Yeni tatlar keşfettim, yeni insanlarla tanıştım, ben hiç olmadığı kadar ben oldum bir hafta içinde.Yürüyüşlerimiz sırasında bir kare yakaladım ki, yalnızlık ne kadar zormuş meğer, üzülmeden edemedim.Yalnız olduğumdan değil bu cümlelerim, doğanın ortasında yanyana kalmış iki ağaç vardı ki, bir değişik oldum onlar adına. Oysa en fazla 150 metre öteleri zeytin, çam ağaçlarıyla dolu. Hani olur ya en büyük yalnızlıklar en kalabalıklarda doğar, onun gibi bir şey sanırım...
 
 
Ben ruhumu dinlendirip de geldim:)
 
Vücut yorgunluğu bir şekilde geçiyor da, eğer yorgun olan ruhunuz ise onu iyileştirmezseniz hiçbir şeyden tat alamaz oluyorsuznuz zamanla.

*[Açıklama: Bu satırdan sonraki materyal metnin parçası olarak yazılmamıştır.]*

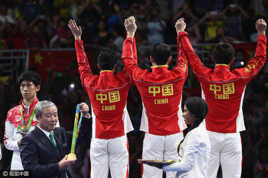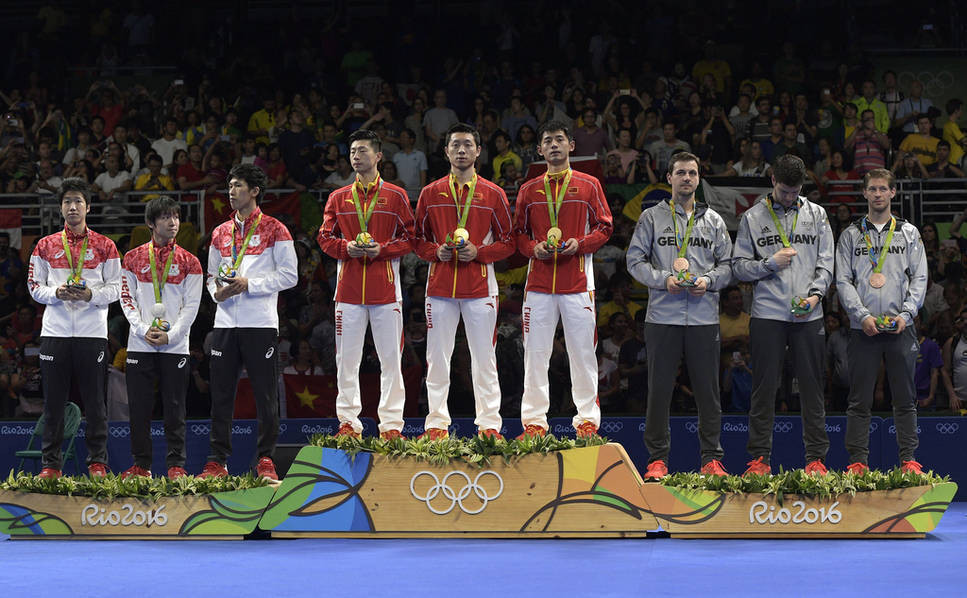 北京时间8月18日,里约奥运会乒乓球男团决赛在中日之间展开,中国男队经过4盘苦战,3-1战胜日本,成功卫冕,也实现男团三连冠。至此中国队成功包揽本次奥运会男单(马龙)、女单(丁宁)以及男女团体四枚金牌。这是中国乒乓球队继1996年亚特兰大奥运会、2000年悉尼奥运会、2008年北京奥运会以及2012年伦敦奥运会后,历史第五度在单届奥运会上包揽乒乓球项目的四块金牌。

Bu zamanda karnın geniş olacak ki hiçbir şeyi kafana takmayacaksın derler ya, ben öyle bir insan olamadığım için kendime stres yaratacak birşeyler buluyorum nasılsa. Bu yüzden ara ara böyle uzaklaşmalar müthiş iyi geliyor bana.
 
Dinlenmiş yüreğimden bu ara dinlemekten çok hoşlandığım bir parçayla noktalayacağım yazımı, bu parça size gelsin.....
 güzel günler görmek dileğiyle :)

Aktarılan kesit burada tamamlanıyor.